TASK DIRECTIONS
The lines in the listing below are to be given again exactly, starting at the line holding "est peut-être le" and ending at the line holding "- 分别在11211、112". Do not include pictures.
#### RECORDS SUPPLIED
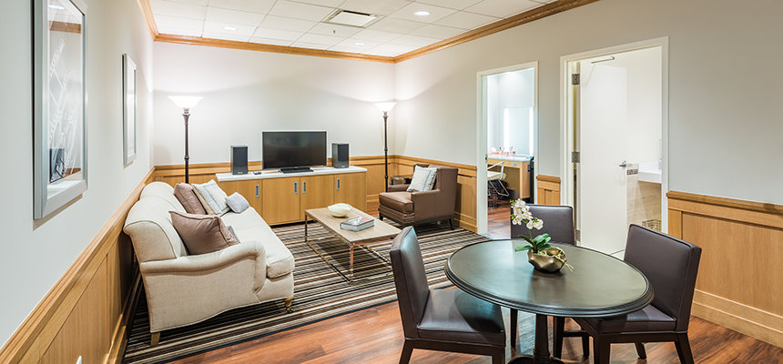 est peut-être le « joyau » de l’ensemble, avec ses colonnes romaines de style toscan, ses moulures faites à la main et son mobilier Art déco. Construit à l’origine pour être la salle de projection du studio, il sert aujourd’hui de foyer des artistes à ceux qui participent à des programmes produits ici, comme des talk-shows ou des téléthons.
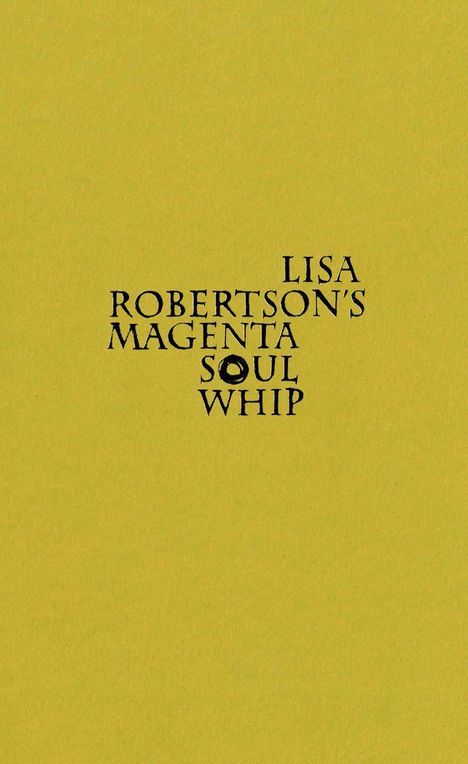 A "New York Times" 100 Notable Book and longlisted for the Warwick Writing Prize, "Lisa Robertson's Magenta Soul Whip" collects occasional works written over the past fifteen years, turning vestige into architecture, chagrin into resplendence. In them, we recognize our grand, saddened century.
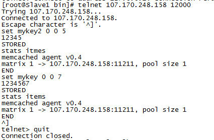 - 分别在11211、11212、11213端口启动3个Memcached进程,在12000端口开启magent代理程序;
########
#### RECORDS SUPPLIED
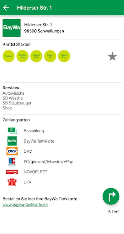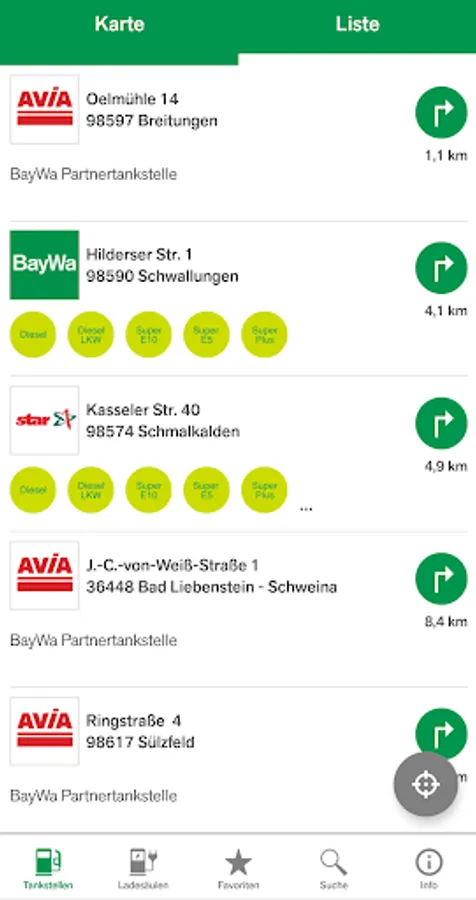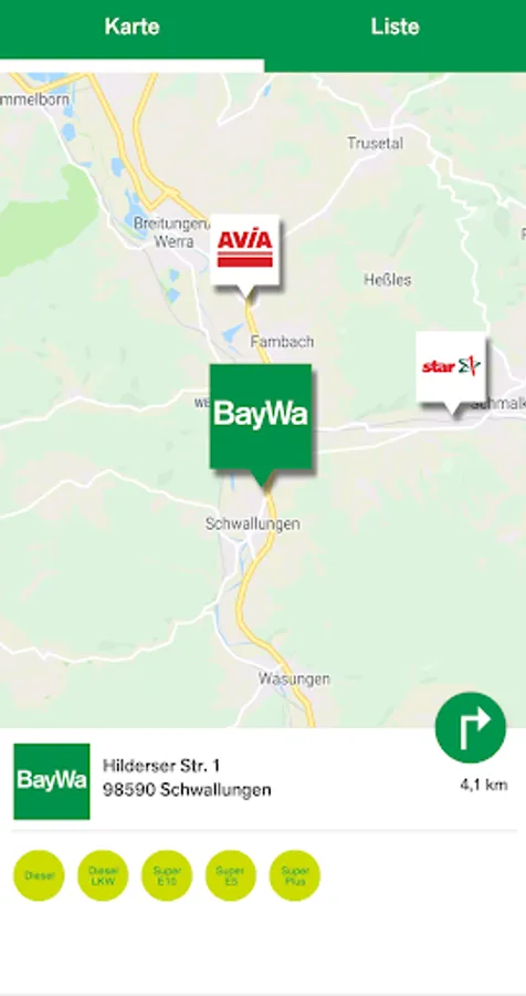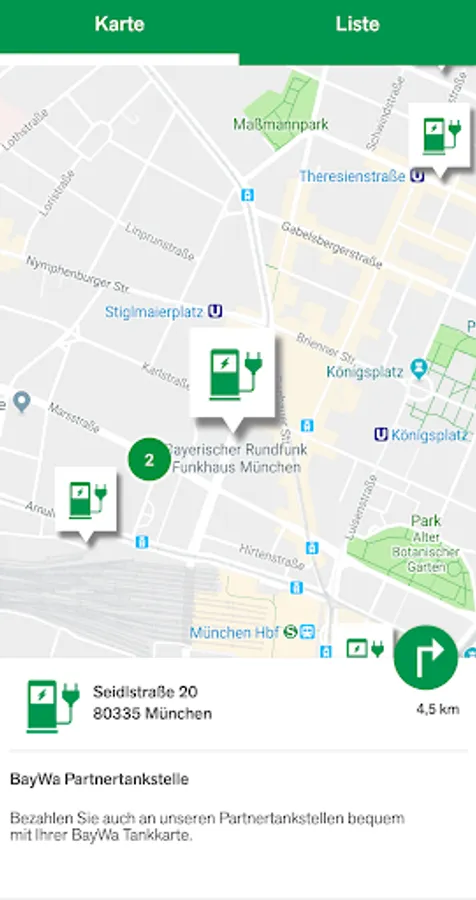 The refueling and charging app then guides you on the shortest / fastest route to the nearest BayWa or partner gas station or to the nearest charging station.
########
ANSWER TO THE PROBLEM
 est peut-être le « joyau » de l’ensemble, avec ses colonnes romaines de style toscan, ses moulures faites à la main et son mobilier Art déco. Construit à l’origine pour être la salle de projection du studio, il sert aujourd’hui de foyer des artistes à ceux qui participent à des programmes produits ici, comme des talk-shows ou des téléthons.
 A "New York Times" 100 Notable Book and longlisted for the Warwick Writing Prize, "Lisa Robertson's Magenta Soul Whip" collects occasional works written over the past fifteen years, turning vestige into architecture, chagrin into resplendence. In them, we recognize our grand, saddened century.
 - 分别在11211、11212、11213端口启动3个Memcached进程,在12000端口开启magent代理程序;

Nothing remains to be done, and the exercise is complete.